Der Präparationskurs prägt
Für die Studierenden, sagt er, sei der Präparationskurs prägend – über ihre berufliche Laufbahn hinaus. Mit Blick auf die Möglichkeit, etwa virtuelle Modelle zu verwenden, vermutet auch Medizinethikerin Annette Dufner eine weiter reichende Bedeutung:
"Da kann man schon auch die Frage aufwerfen, ob nicht eine der Funktionen dieses Kurses darin besteht, die Studierenden dazu zu bringen, Teile der Medizingeschichte selbst noch einmal zu durchleben. Und das würde dem Kurs dann den Charakter eines Initiationsritus verleihen, vielleicht zu kurz gegriffen, das als bloße Lehrveranstaltung aufzufassen."
Der Charakter der Grenzüberschreitung bleibt dabei erhalten. Für die Anatomen in Köln und Berlin, Martin Scaal und Martina Plaschke, wird er zum entscheidenden Aspekt, wenn es um die Frage geht, ob sie sich selbst zu einer Körperspende entschließen würden.
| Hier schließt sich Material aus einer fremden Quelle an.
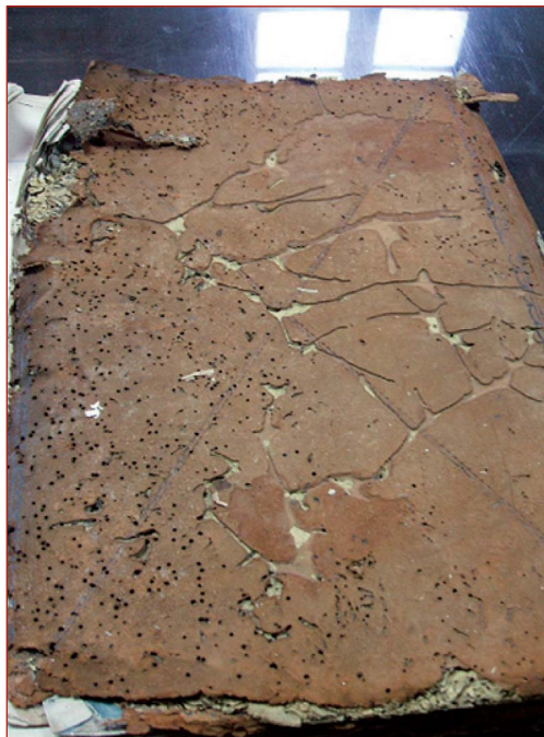
Figura 5. Orificios de salidas de los adultos de anóbidos

Martin Scaal: "Ja, die Frage muss man sich, glaube ich, schon stellen, wenn man damit arbeitet. Aber ich würde das nicht machen. Wenn ich mich jetzt hier in Köln spenden würde, würden mich ja die Kollegen und Mitarbeiter hier erkennen, und das würde ich nicht wollen. Da ist die Anonymität nicht mehr gegeben. Und es ist natürlich auch an anderen Instituten so, dass mich da zumindest die professoralen Kollegen da erkennen würden. Und das wäre für mich ein zu großer Eingriff in die Intimsphäre."
Martina Plaschke: "Ich schließe es für mich aus. Ich war auch nie im Zweifel, mach ich‘s oder mach ich‘s nicht, sondern eigentlich war ich immer dagegen, dass ich das selbst mache. Wahrscheinlich, weil man da auch zu sehr damit befasst ist und das nicht so gerne möchte, dass man dann hier auch im Präpariersaal liegt. Ich will vor allen Dingen auch nicht feuerbestattet werden. Ich möchte eine Sargbeisetzung, und das geht bei Körperspendern nicht."